Note that while all believers don’t plant churches, administer ordinances, or perform miracles, there are two things that every believer can, and ought, to be about – preaching the gospel and building up saints.

Why I do say that all believers are called to preach the gospel and build up saints? Aren’t evangelism and discipleship the responsibilities of particularly gifted and specially trained individuals ‘called’ the ministry?

I’m glad you asked! In answer, I offer the following.

First of all note that Jesus, in our John 20 scenario, was speaking to a group of his followers assembled behind locked doors. We are not told, as in other places in the New Testament, that Jesus was addressing his closest disciples. We also know from NT accounts of his ministry, passion and crucifixion, that the chosen twelve were not his only followers. Therefore, the group behind locked doors consisted of his closest disciples and others who followed him. By extension, the words of Jesus here also pertain to his followers today. Jesus was not just stating a fact, he was establishing a pattern.

We can also observe the ‘evangelical’ pattern as early as the calling of the first disciples:

“One of the two who heard John speak and followed Jesus was Andrew, Simon Peter’s brother. He first found his own brother Simon and said to him, “We have found the Messiah” (which means Christ). He brought him to Jesus. Jesus looked at him and said, “You are Simon the son of John. You shall be called Cephas” (which means Peter).

The next day Jesus decided to go to Galilee. He found Philip and said to him, “Follow me.” Now Philip was from Bethsaida, the city of Andrew and Peter. Philip found Nathanael and said to him, “We have found him of whom Moses in the Law and also the prophets wrote, Jesus of Nazareth, the son of Joseph.” (John 1:40-45)

Here we have Andrew, after hearing John preach, finding his brother Simon and taking him to see Jesus. The next day we see Jesus himself finding Philip, who in turn found Nathaniel. Introducing others to the Messiah who has saved us from our sins should be our natural response to having been introduced to him and having trusted in him for our salvation.

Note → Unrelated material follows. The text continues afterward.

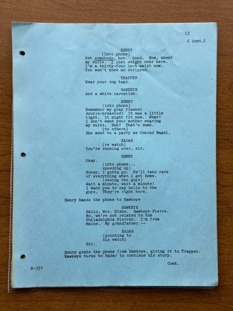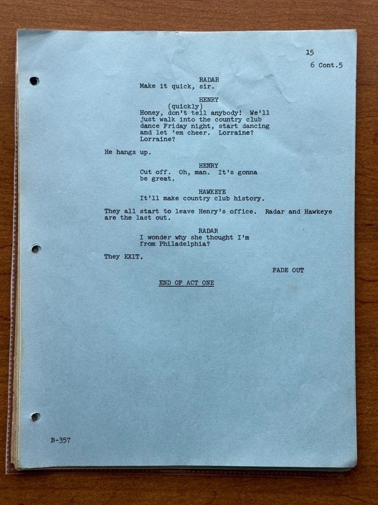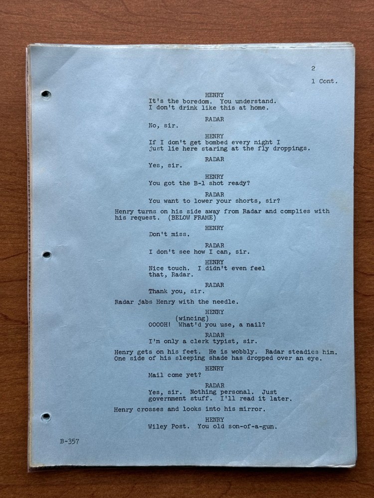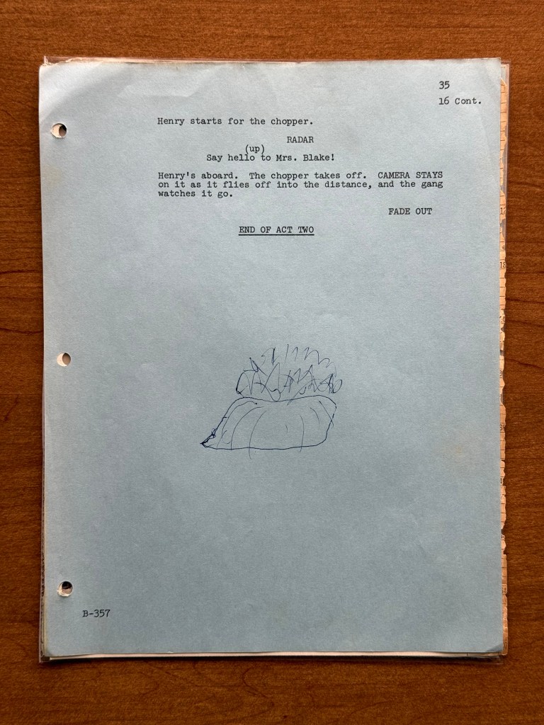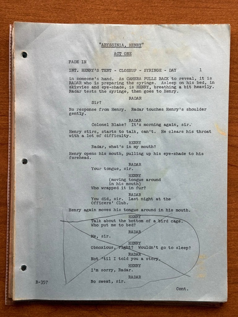 I noticed a few mistakes in this episode that are kind of unusual. At one point, Henry says that his wife has the most fantastic body in “downstate Illinois,” but Bloomington is in upstate Illinois, and it is written for Henry to say “upstate Illinois” in the script. There is also an issue with the time difference between Korea and the United States. Radar tells Henry that Illinois is fourteen hours ahead of Korea, but Illinois is actually fifteen hours behind of Korea. Beyond those two errors, there are surprising number of differences between the script and final episode. Being a revised final draft, I had assumed that it would be pretty close, but there were several changes besides the typical, minor wording changes the actors would make or the directors might have asked for in the moment. A list of the changes is below, and the page numbers correspond to the photos in the gallery above.

While the pattern established by Jesus is most significant, there is another “As the Father has sent me, even so I am sending you.’ aspect we must consider – the environment into which we are sent.

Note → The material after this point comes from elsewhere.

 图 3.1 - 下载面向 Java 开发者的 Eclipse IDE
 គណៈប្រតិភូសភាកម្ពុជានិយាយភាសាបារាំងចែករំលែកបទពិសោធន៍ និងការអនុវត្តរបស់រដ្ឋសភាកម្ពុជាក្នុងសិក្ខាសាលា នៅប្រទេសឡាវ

We are sent into a world that is as hostile to the gospel as it was in Jesus’ day; to a people whose minds are just as set against God and who by nature cannot see or understand the message we bring (See Rom 8:7 & 2 Cor 4:4) We are promised persecution and hatred (John 15:18-19), assuming of course that we never waver from the Biblical gospel – the one that addresses our sin and the need to repent and believe.

The first disciples accepted the call of Jesus, as did Paul, Silas and many others throughout the history of the church. And they have been, and are, persecuted for their faith and stance for the gospel, to this day.

Here in America we know nothing of real persecution. Nevertheless some are now asking ‘when’, not ‘if’ it is coming, given what we have seen over the past couple of decades that has been rapidly escalating in recent days.

Nevertheless, Jesus’ words to his followers still stand and will stand until he comes back to claim his bride and judge the earth.

As the Father has sent me, even so I am sending you.”

Good Christian, you who call yourself a ‘soldier’ of the cross, what will you do with the call to duty? We have only two options my friend – go AWOL (absent without leave), in other words desert, or heed the call and like our Savior, the suffering servant, set our faces like flint to the task!

3 responses to “A Call to Duty

  1. Amen! Evangelism and Discipleship is a task everyone of us has a responsibility to partake in and not just pastors or “experts.” We need to be resolved to be His servants.